Military courts do allow the government to prefer Article 86 charges against an accused with an open-ended termination date. This stops the running of the statute of limitations. The future addition of the termination date would be a permissible minor change to the charges.[18]

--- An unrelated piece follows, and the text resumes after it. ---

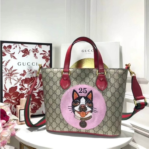 • 473887 Gucci 梗犬波士頓Bosco圖案 高級人造帆布 手提袋 紅色

Of course, an accused can always waive the statute of limitations in exchange for a favorable guilty plea. That sort of strategy would make sense where there is other misconduct at issue.
§ 11:10 – Former Jeopardy
In United States v. Hayes, the accused was tried for the lesser included offense of Absence without Leave. The government later attempted to prosecute him for desertion. The prior AWOL trial barred the desertion charges.
§ 11:11 – Impossibility
There are sometimes occasions where circumstances beyond your client’s control result in the client being forced to remain away from his or her unit. Medical conditions, of course, are easy for the defense to substantiate. The defense of impossibility, however, overlaps with the requirement that the government prove a specific intent to remain away from the unit or ship.
§ 11:12 – Duress
There are also times where the client may fear return to military control. In addition to a fear of bodily harm or death, some clients may fear sexual harassment. The bottom line is that any defense of duress must be reasonable.
§ 11:13 – Standard Instructions[DK1]
Standard Instructions (Citations taken from Department of the Army Pamphlet 27-9)

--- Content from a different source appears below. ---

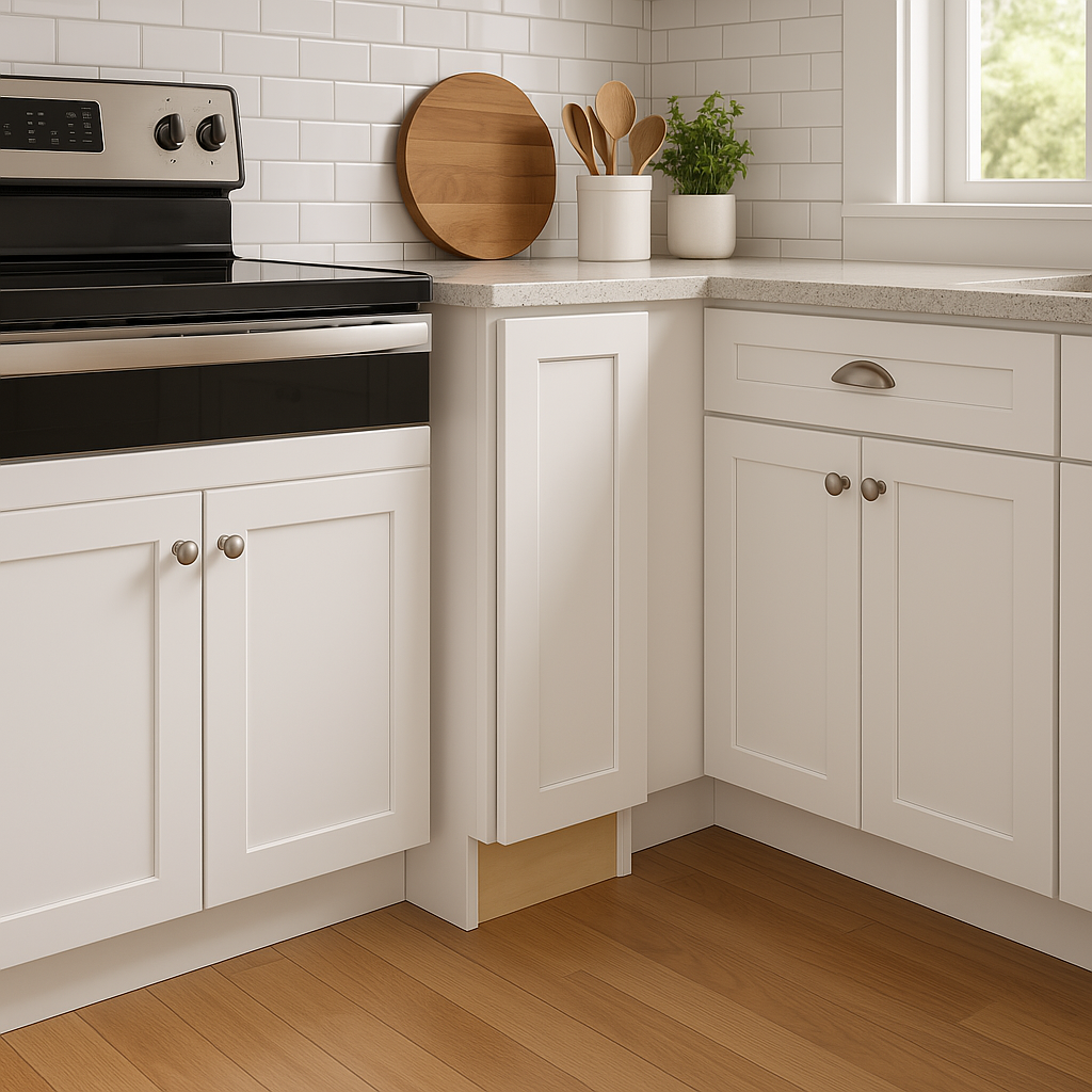 The Newport Base Kitchen Cabinet combines durable all-plywood construction with a stylish shaker design and a bright Pacific White finish. Featuring adjustable shelves and a full-height door, it offers both functionality and elegance for modern kitchens.

3-10-1 – Failing to go to or Leaving Place
3-10-2 – Absence from Unit, Organization, or Place of Duty
3-10-3 – Absence from Unit, Organization, or Place of Duty with Intent to Avoid Maneuvers or Field Exercises
3-10-4 – Abandoning Watch or Guard
§ 11:14 – Maximum Punishments
The maximum punishment under Article 86 (1) is confinement for 1 month and forfeiture of two-thirds pay for 1 month.

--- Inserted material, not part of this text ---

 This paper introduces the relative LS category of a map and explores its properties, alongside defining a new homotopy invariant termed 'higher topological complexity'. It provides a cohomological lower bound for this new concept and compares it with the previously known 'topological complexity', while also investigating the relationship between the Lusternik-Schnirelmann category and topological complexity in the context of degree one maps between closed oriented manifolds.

The maximum punishment under Article 86 (2), for absences not more than 3 days, is confinement for 1 month and forfeiture of two-thirds pay for 1 month. For absences more than 3 days, but less than 30 days, the maximum punishment is confinement for 6 months and forfeiture of two-thirds pay per month for 6 months. For absences more than 30 days, the maximum punishment is a dishonorable discharge, forfeiture of all pay and allowances, and confinement for 1 year. If the absence is terminated by apprehension, then possible confinement is increased to 18 months.
The maximum punishment under Article 86 (3) is confinement for 3 months and forfeiture of two-thirds pay per month for 3 months.
The maximum punishment under Article 86 (4) is a bad-conduct discharge, forfeiture of all pay and allowances, and confinement for 6 months.
The maximum punishment under Article 86 (5) is a bad-conduct discharge, forfeiture of all pay and allowances, and confinement for 6 months.
The only lesser included offense is Article 80 attempts.
[1] United States v. Adams, 63 MJ 223 (2006).
[2] Benchbook Instruction 3-10-1.
[3] United States v. Sturkey, 50 CMR 110 (ACMR 1975); United States v. Coleman,34 MJ 1020 (ACMR 1992).
[4] United States v. Hargrove, 51 MJ 408 (CAAF 1999).
[5] United States v. Pettersen, 17 MJ 69 (CMA 1983).
[6] United States v. Vidal, 45 CMR 540 (ACMR 1972).
[7] United States v. Mitchell, 22 CMR 28 (CMA 1956).
[8] United States v. Kohlman, 21 CMR 793 (AFCMR 1956).
[9] United States v. Duncan, 60 MJ 973 (ACCA, 2005).
[10] United States v. Dukes, 30 MJ 793 (NMCMR 1990).
[11] United States v. Hardeman, 49 MJ 389 (CAAF 2004).
[12] United States v. Jackson, 20 MJ 83 (CMA 1985).
[13] United States v. Anderson, 1 MJ 688 (NCMR 1975).
[14] United States v. Coglin, 10 MJ 670 (ACMR 1981).
[15] United States v. Gudatis, 18 MJ 818 (AFCMR 1984).
[16] United States v. Miller, 38 MJ 121 (CMA 1993).
[17][17] United States v. Tunnel, 23 MJ 110 (CMA 1986).
[18] United States v. Reeves, 49 CMR 841 (ACMR 1975).